Welcome to the second installment of our, ahem, “monthly” series, looking at ten of the very best and five of the very worst offerings from one given area of the wider Red Dwarf universe. And the reason you’ve been waiting two months for the second installment of this monthly series is that the topic is something that’s proved very difficult to put into order – namely DVD Extras. We’ve been treated to some of the finest DVD packages that TV comedy has to offer, with hours upon hours of well-researched, fascinating and hilarious extras accompanying each series. How on Titan is it possible to decide which brilliant thing is better than another brilliant thing, or to come up with five that aren’t brilliant? Read on to find out…
Let’s kick off with some exciting caveats. We’re concentrating on unique one-off features, that have been made specifically for one particular release, rather than the regular features that are on virtually all the releases. Most notably, this means we’re not including the big series-specific retrospective documentaries – largely because there’d be very little room for anything else in the top ten. You can also take it as read that the deleted scenes, Smeg Ups, raw effects footage, isolated music cues, etc are all brilliant, and that the musical featurettes are all shit. Also, for the top ten at least, we’re excluding things that weren’t originally made for DVD – your A-Zs, Can’t Smeg Won’t Smegs, Making of Back To Earths, Comedy Connectionses, and whatnot. We’ve waived this rule for the bottom five, because otherwise there wouldn’t be five.
Anyway, enough of the chitter chatter, let the banquet begin! Well, it’s more a list of some things followed by some words than a banquet, but, you know.
10. The SFX of Red Dwarf V
Mike Tucker’s old home movies from c. 1992, with a commentary track from the man himself. At the time of release, this level of detail into the making of the visual effects was reserved for early morning Dimension Jump Q&As, or late night Dimension Jump drunken chats. It was a delight, therefore, to get the same experience from the comfort of your own home, whenever you wanted it. There’s some terrific footage of Starbug shoots, the explosion from Demons & Angels and the making of Terrorform‘s self-loathing beast, all backed up with a constant stream of Mike’s anecdotes and explanations. It’s the kind of thing that’s only going to be of interest to a fraction of Red Dwarf viewers, and so gets extra points just for existing in the first place.

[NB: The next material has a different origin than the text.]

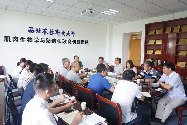 为了做好“2018年度陕西省重点研发计划产业创新链(群)”项目申报工作。7月3日,厕所偷拍 杨公社教授在肌肉生物学与猪遗传改良创新团队会议室主持召开了“优质安全猪肉生产全产业链关键技术研究与示范”省重点产业创新链(群)项目申报协调会。

9. What’s Different? Text Track
Otherwise known as The Only Possible Reason For Choosing To Watch The Re-Mastered Episodes. As the name suggests, this nine hour epic subtitle track primarily existed to describe the differences between the original episodes from series 1-III, and the Re-Mastered editions that form the bulk of The Bodysnatcher Collection. But it was so much more than that – writer Andrew Ellard fills the gaps between discussion points with general Dwarf trivia, amusing games, and a fair handful of digs at the Re-Mastered project itself. It transforms the Re-Mastered editions from a necessary evil in order for the release to happen, into something that’s actually worth the time taken to watch. It’s something that they didn’t have to do, but chose to make the effort out of a desire to create the best possible project; this ethos is what made the Red Dwarf DVDs as brilliant as they were.
8. Return To Laredo
Robert Llewellyn nips over to Kent to revisit the location for Gunmen of the Apocalypse, meet some cowboys, rehash a few anecdotes and generally piss about. Cheap, cheerful and only ten minutes long, but lovingly made, engaging to watch and full of lovely little touches – a sting of incidental music here, a well chosen clip from the episode there, and of course, Robert fading out of existence at the end. Robert has always been a great presenter, especially when he’s talking about something he cares about, and this is no exception. Part of a small but perfectly formed raft of location filming for the Series VI DVD – more on which later.
7. Building A Better Universe
Mel Bibby was more important than most in shaping the changes that took place between Series 2 and III, which of course paved the way for Red Dwarf‘s incredible success throughout the 90s. What better way to pay tribute to the man than with a succession of his contemporaries queuing up to praise his work? Behind-the-scenes anecdotes are abundant, but the highlight is the inclusion of the only known footage of the great man himself discussing Red Dwarf. Again, it’s something that the majority of productions wouldn’t bother with, and it says a lot about the about the love and affection felt for Mel that they went out of their way to do something really special.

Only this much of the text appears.